Duncan’s quest for closure meant she consulted with private detectives, went on TV news shows, wrote books, articles and poems about the case and spoke at conferences. All this meant that she wasn’t able to be fully present for the children and grandchildren she still had, Kerry Arquette said.

“Mother was the backbone of our family, the glue that held us together and after Kait’s murder mother lived for her dead child rather than the ones she left behind,” she said. “I didn’t blame her.”

Robin Burkin, Kaitlyn’s other sister, said for her part watching Apodaca sitting in front of the computer in a cell in the Lea County Correctional Facility, she was surprised to see how ordinary he is. 

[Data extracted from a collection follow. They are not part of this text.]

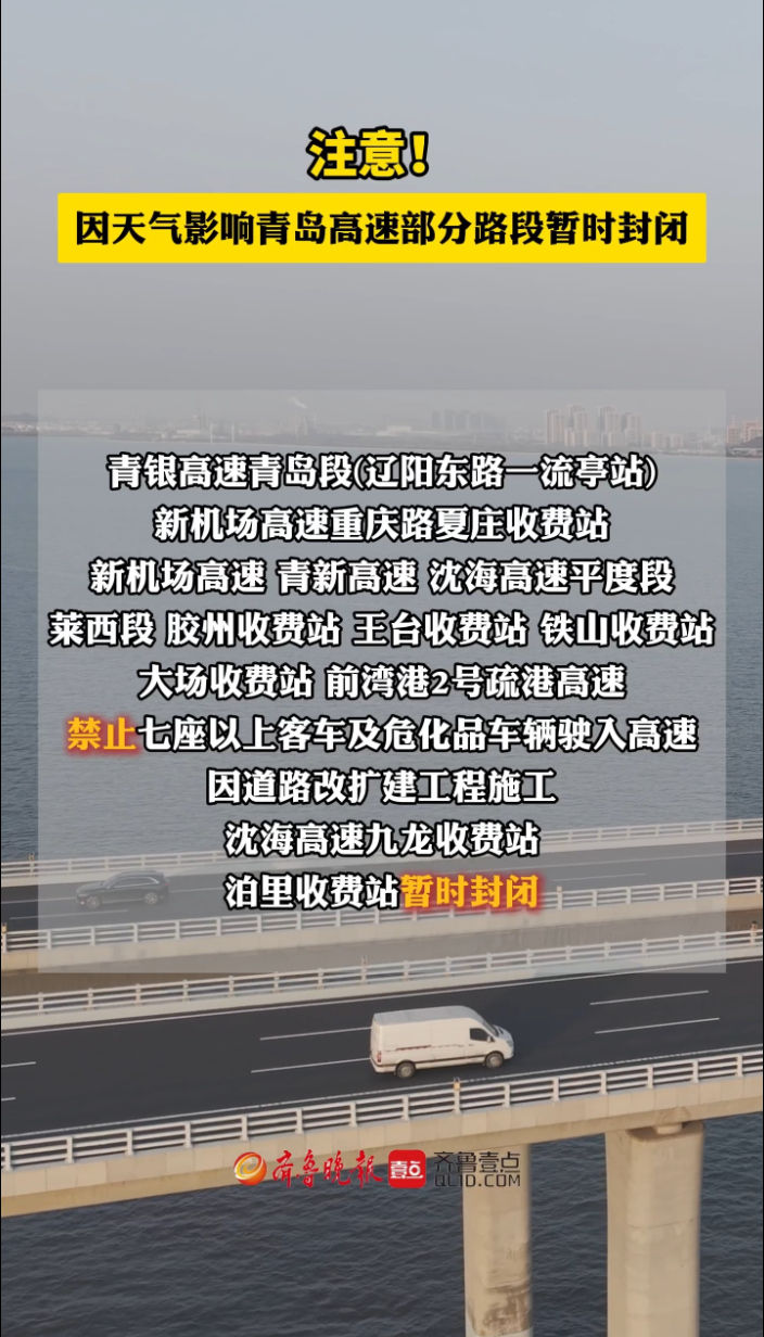 果然视频丨因天气影响,青岛高速部分路段暂时封闭齐鲁晚报·齐鲁壹点客户端 17:58原创因恶劣天气,青银高速青岛段(辽阳东路一流亭站)李沧北收费站出口老虎山隧道方向封闭,龙青高速青岛段只允许黄牌货车驶入高速(危化品车辆除外)。因道路改扩建工程施工,沈海高速九龙收费站、泊里收费站暂时封闭。 (齐鲁晚报·齐鲁壹点 曹婧雯)
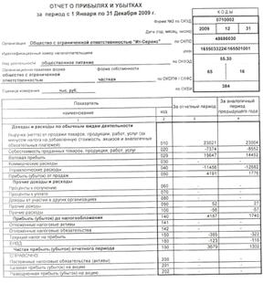 Отчет о прибылях и убытках ООО «ИТ-СЕРВИС» за 2009 год
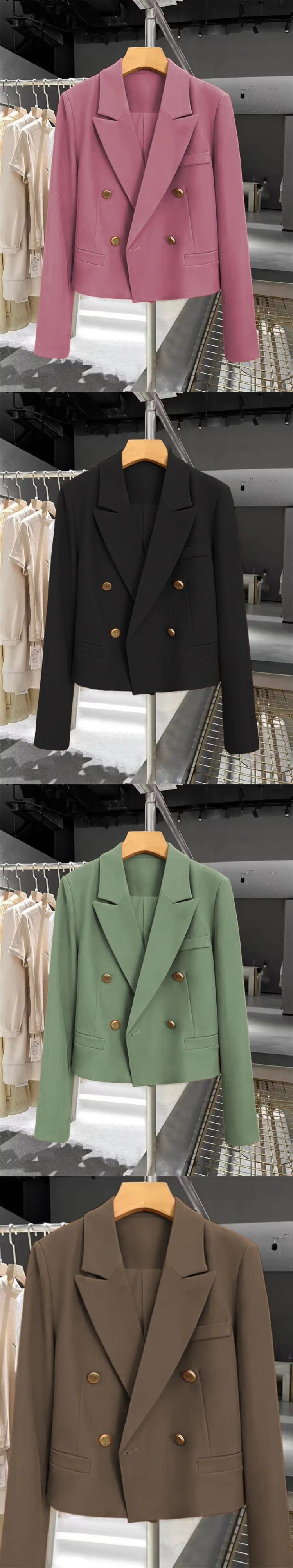 送料無料 クロップドブレザー女性トップ春スーツオフィスルーズジャケットグリーンコート女性チャケータデ スプリング 春物 会社 学校 通勤や通学にも AE0807756503449091

“I kind of expected to see a monster, but you could walk among us and nobody would know,” Burkin said. “You just are indescribably unmemorable.”

Althea Oakeley (Courtesy APD)

For his part, Oakeley’s father asked Judge Cindy Leos to read the letter they had written to Apodaca for them. The family declined an interview request.

“You chose to attack our daughter Althea—sister, family and friend and had no remorse for 33 years,” Leos read. “You don’t deserve any kind of leniency … We want the maximum penalty and having you sit in prison and relive the nightmare you have put us through.”

Four men from Martineztown

There is another person in the city who has been anxiously awaiting news on the case. He checks the TV stations regularly, looking for answers. 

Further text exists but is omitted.